Task details: When you reach the line that contains "Shabazz coach Nas", begin copying exactly and continue through the last line below. Do not copy pictures.

Exercise data below:

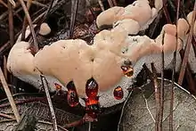 The flesh is reddish or purplish-brown with white flecks.[15] Initially spongy and soft, it becomes tough and corky as the fruit body matures. In the stipe, the flesh can become blackish in age.[18] Like other Hydnellum species, fruit body tissue is made of generative hyphae that do not expand. This slows the growth of the fruit body, often enabling it to persist for several months.[19] The fungus employs an indeterminate growth pattern, in which the fruit body formation begins from a vertical column of hyphae that eventually expand at the top to form the cap. Any solid objects encountered during growth, such as grass or twigs, can be enveloped by the expanding fruit body. Similarly, closely neighboring caps can fuse together during growth.[20]
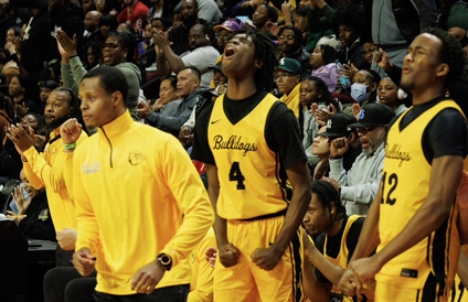 Shabazz coach Nas Barrino (left) along with players Shamir Young (4) and Isaiah Roman (12) are totally into all that has been transpiring on the court as the Bulldogs were on the way to 51-48 victory over Thrive Charter in the Group 1 state final on Sunday, March 15, at Rutgers U and inside Jersey Mike's Arena. (photo coutesy of Shabazz Athletics)
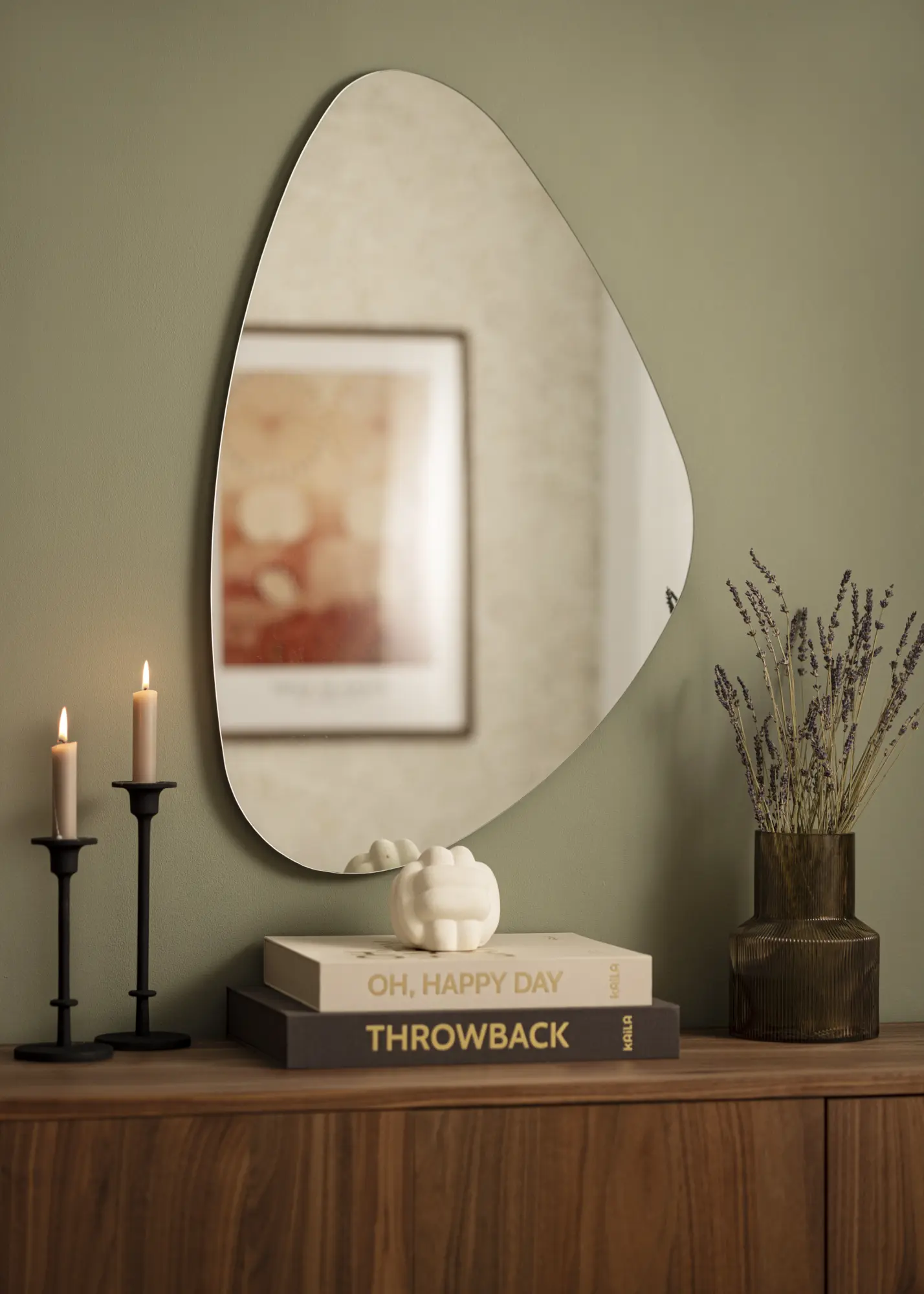 Otkrijte jedinstvenu Äar naÅ¡eg asimetriÄnog ogledala, pravog privlaÄitelja pažnje za svaku prostoriju. Sa svojim valovitim rubovima, ovo ogledalo nudi mekani i moderni profil koji nadopunjuje razne stilove ureÄenja interijera. Ono nije samo praktiÄan dodatak, veÄ i umjetniÄko djelo koje uljepÅ¡ava vaÅ¡ zid.
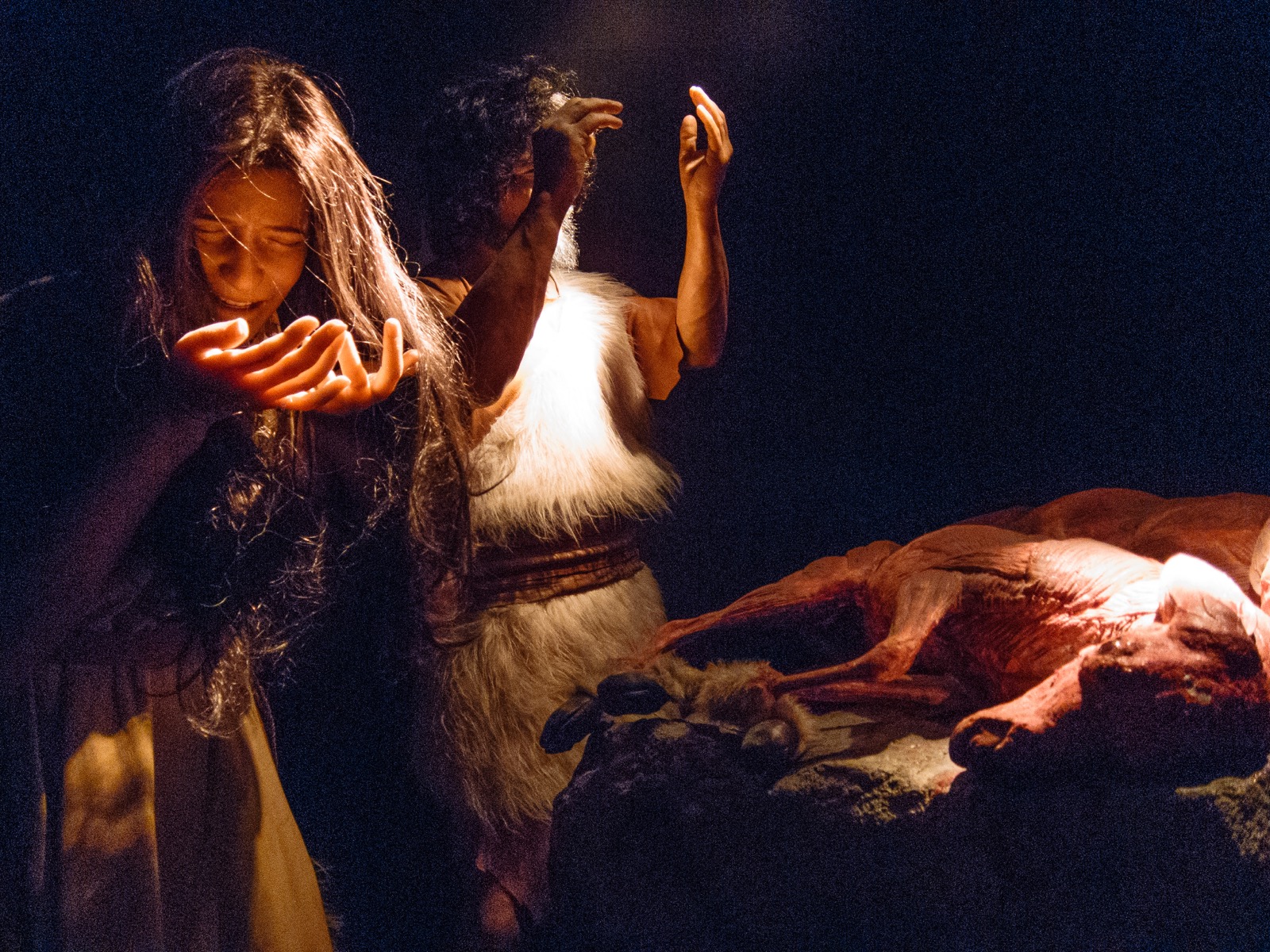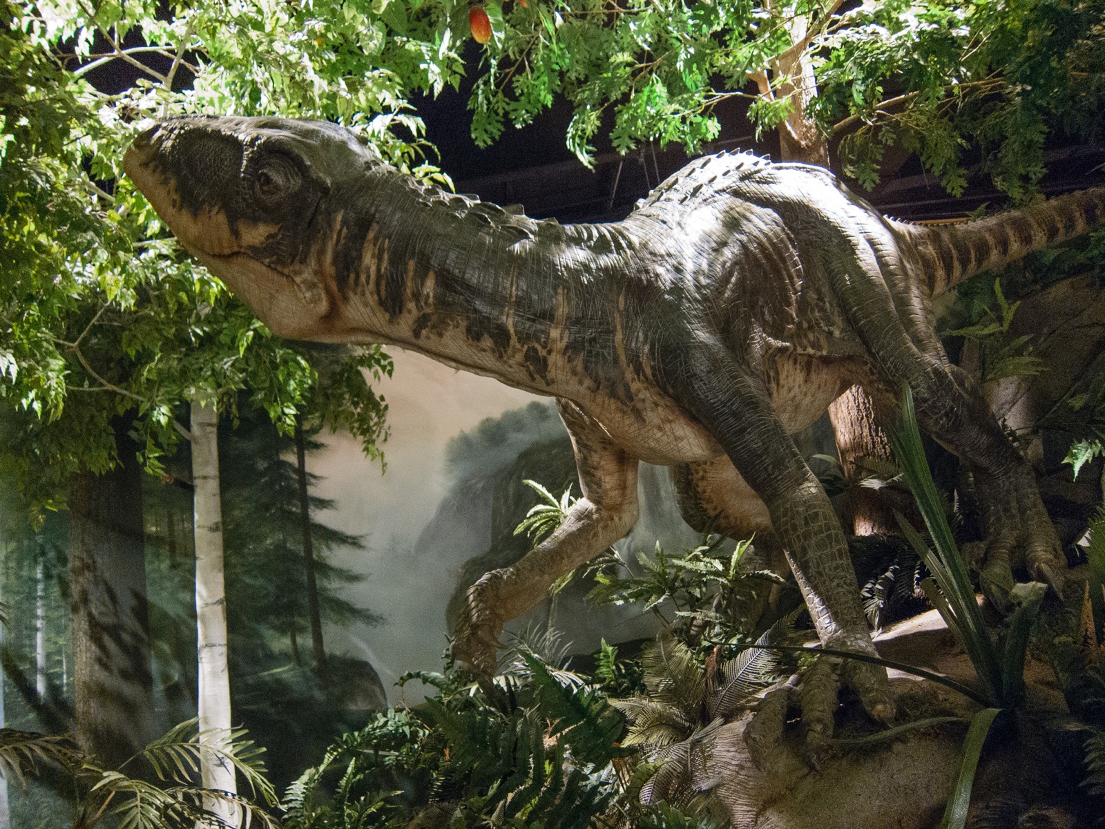 Here, a dinosaur relishes its kill. This exhibit is robotic: the dinosaur moves around and scares the children. Eeek!
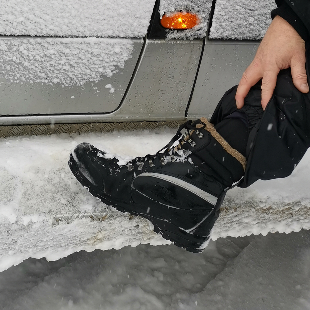 Protective toecap and midsole, Alaska is a cold temperature boot developed with specialist materials that are certified for use in temperatures as low as -40°C, including 3M Thinsulate B600 Ultra, Fursulate Fur Lining and a shock absorbing solid nitrile rubber outsole. Water repellent full grain black leather. Protective fibreglass toecap and composite anti-penetration flexi-midsole. 3M Thinsulate B600 Ultra Fur Lining – Certified to -40°C. Shock absorbing. Nitrile Rubber Outsole. Anti-fatigue Fur EVA Footbed

End of Exercise data.

Result of the task:
 Shabazz coach Nas Barrino (left) along with players Shamir Young (4) and Isaiah Roman (12) are totally into all that has been transpiring on the court as the Bulldogs were on the way to 51-48 victory over Thrive Charter in the Group 1 state final on Sunday, March 15, at Rutgers U and inside Jersey Mike's Arena. (photo coutesy of Shabazz Athletics)
 Otkrijte jedinstvenu Äar naÅ¡eg asimetriÄnog ogledala, pravog privlaÄitelja pažnje za svaku prostoriju. Sa svojim valovitim rubovima, ovo ogledalo nudi mekani i moderni profil koji nadopunjuje razne stilove ureÄenja interijera. Ono nije samo praktiÄan dodatak, veÄ i umjetniÄko djelo koje uljepÅ¡ava vaÅ¡ zid.
 Here, a dinosaur relishes its kill. This exhibit is robotic: the dinosaur moves around and scares the children. Eeek!
 Protective toecap and midsole, Alaska is a cold temperature boot developed with specialist materials that are certified for use in temperatures as low as -40°C, including 3M Thinsulate B600 Ultra, Fursulate Fur Lining and a shock absorbing solid nitrile rubber outsole. Water repellent full grain black leather. Protective fibreglass toecap and composite anti-penetration flexi-midsole. 3M Thinsulate B600 Ultra Fur Lining – Certified to -40°C. Shock absorbing. Nitrile Rubber Outsole. Anti-fatigue Fur EVA Footbed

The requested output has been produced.